ANTARCTICA by Richie Beirach (recorded 1985, issued 1994)
Beirach is an American jazz artist who improvises on elements of eclectic modern music. This solo piano Antarctica Suite, according to the liner notes, “unlike the musical pablum that assaults us daily, isn’t programmed to make you consume or conform. Only feel.” Titles include The Ice Shelf, Deception Island, and Neptune's Bellows. ECD 22086-2
ANTARCTICA - The Last Wilderness by Medwyn Goodall (1993)

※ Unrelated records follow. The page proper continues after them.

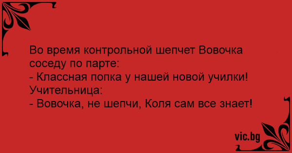 Во время контрольной шепчет Вовочка соседу по парте: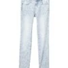 - Zipper fly and button closure.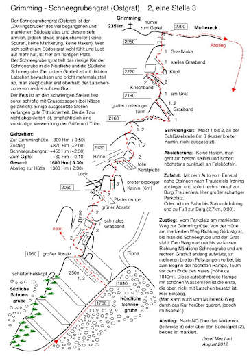 Der Grimming liegt etwas abseits des eigentlichen Dachsteinmassivs und wurde aufgrund seiner imposanten Erscheinung lange für den höchsten Berg der Steiermark gehalten. Meist wird er über den Südostgrat bestiegen, die hier beschriebene Route über den Schneegrubengrat ist eine etwas anspruchsvollere Alternative zu diesem. Der Schneegrubengrat ist nicht markiert und bietet keine Haken, deswegen sollten sich nur Alpinisten daran wagen, die seilfreies Klettern gewohnt sind.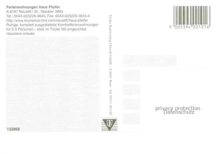74096037 Neustift Stubaital Tirol AT Haus Pfeifer Ferienwohnungen postalisch nicht gelaufen Erhaltung siehe scans [WerneD78] KatCode: 11390332070334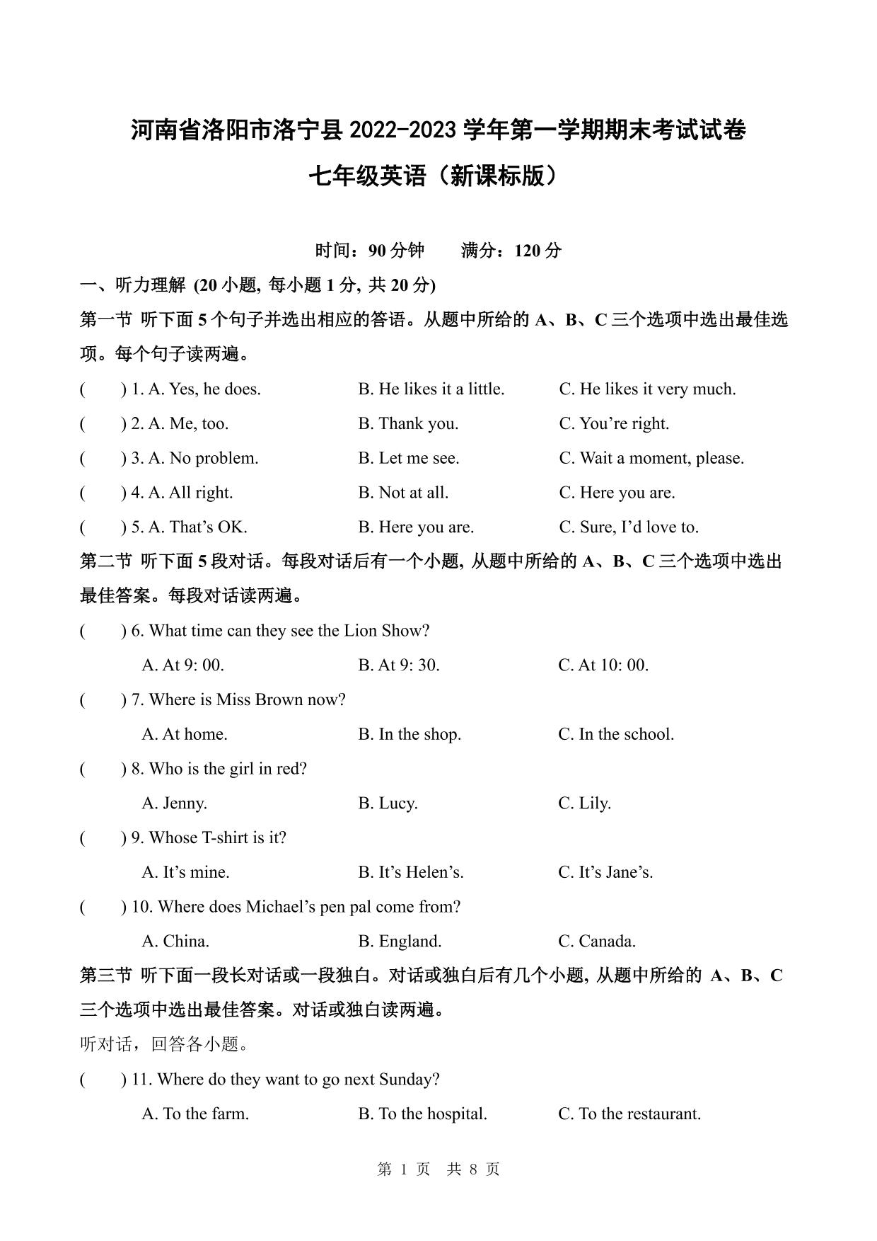 河南省洛阳市洛宁县2022-2023学年第一学期期末考试试卷七年级英语(新课标版)【无听力音频】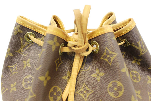 Louis Vuitton Monogram Canvas Petit Noe Bag is a timeless and favored piece that will never go out of style. It was originally created in 1932 to carry five bottles of Champagne. This is the smaller size of the Noe family. With its spacious interior and leather drawstring closure, this sophisticated and durable bag is perfect for everyday use.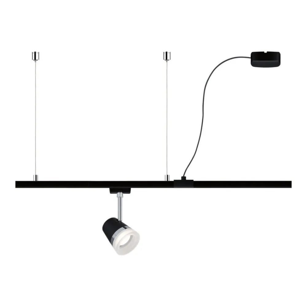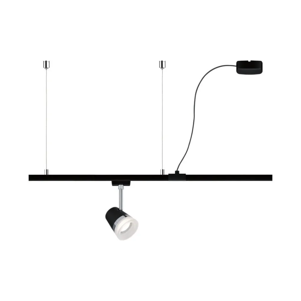 Denne URail mellem-/endetilkobling til strømskinner ophængt på kabel leveres inklusive en endekappe, der er nødvendig, hvis strømskinnen kun lægges i én retning. Kablet kan afkortes ved baldakinen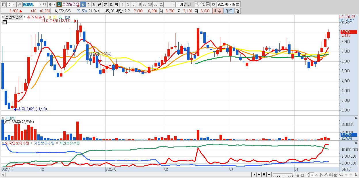 - 쓰리빌리언 (6,810원 ▲ 3.5% , 시총: 2,160억, 외국인 순매수 거래금:23억)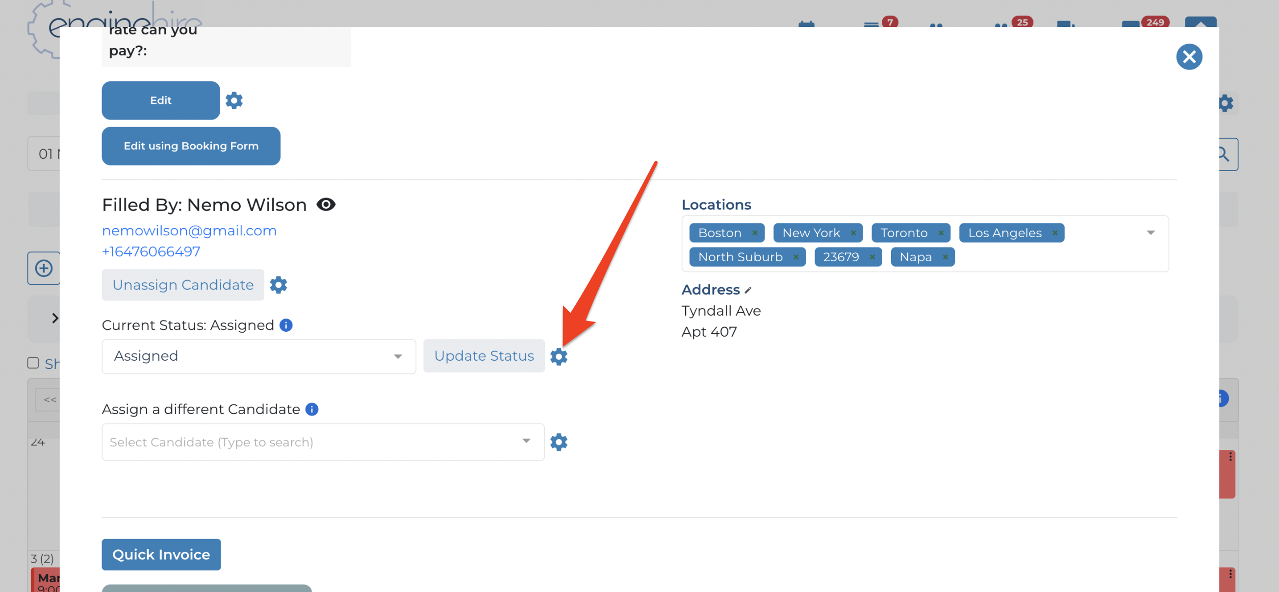 To customize the colors of shift jobs by status, click on any shift job in the shift job calendar, and click the gear icon next to the status selector: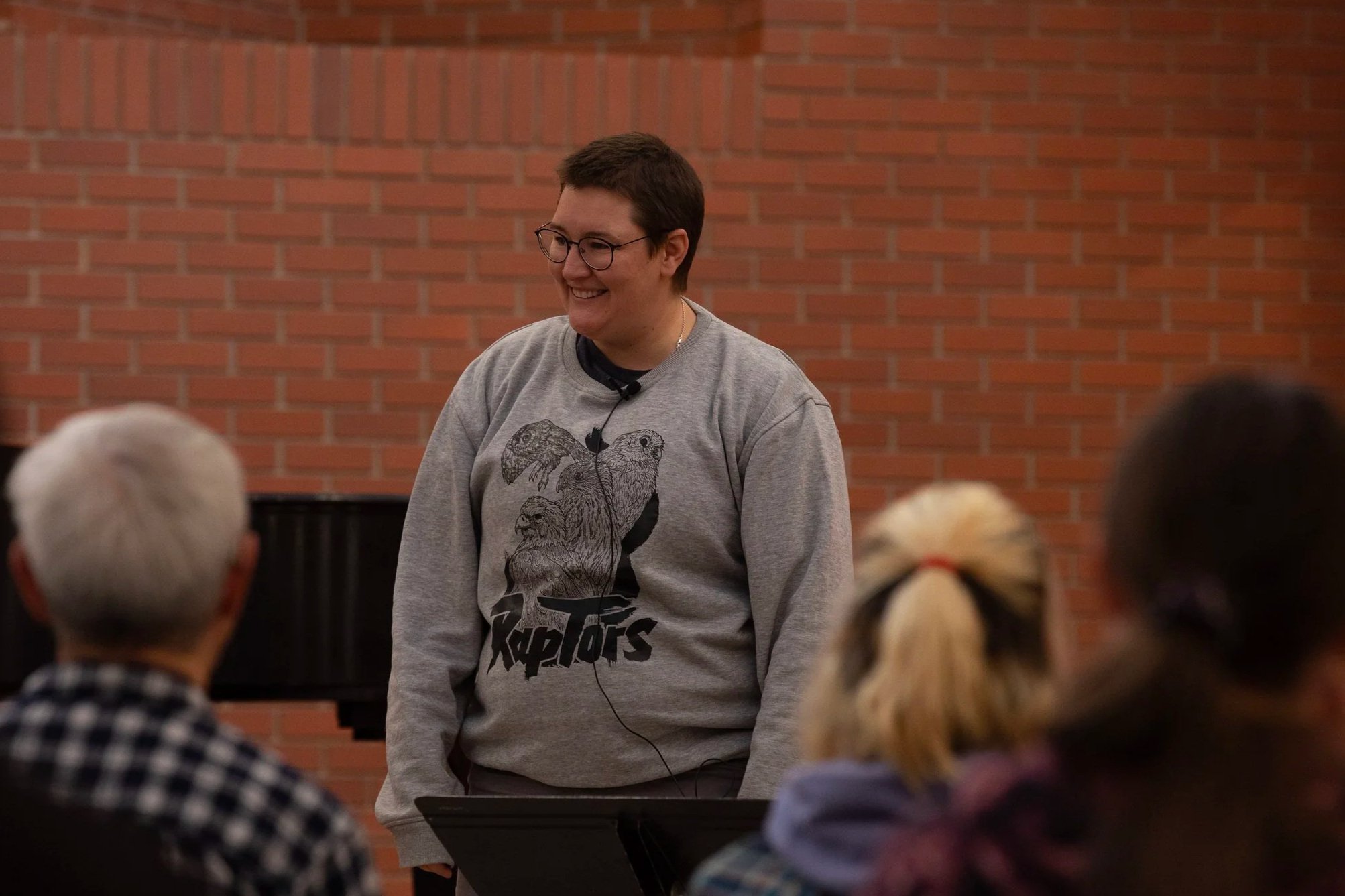 Katy Harmer (she/her) is a queer and genderqueer choral conductor, singer, and educator based in Winnipeg.

Goodall, who lives in Cornwall, England, has recorded many CDs for the Dutch New Age music label, Oreade Music. It’s a pleasure to hear one of the few all-Antarctic CDs we have come across. There are six extended synthesizer and other instrumental pieces with titles such as All White, Endless Emptiness and Snow Kingdom Forever. Dreamy, peaceful music and gentle to the ears but we’re not entirely convinced we've been transported to Antarctica through the music. Mar 3812
POLAR SHIFT - A Benefit for Antarctica by various artists (1991)
A compilation of New Age instrumental and vocal music dedicated to the conservation of Antarctica. Performers include a number of single-name artists such as Vangelis, Yanni, Enya and Kitaro, along with ET's John Tesh. A very enjoyable, soothing palette of sounds. Informative liner notes give references for further reading. Private Music BMG2083-2-P
DEVOTION - THE BEST OF YANNI by Yanni (1997)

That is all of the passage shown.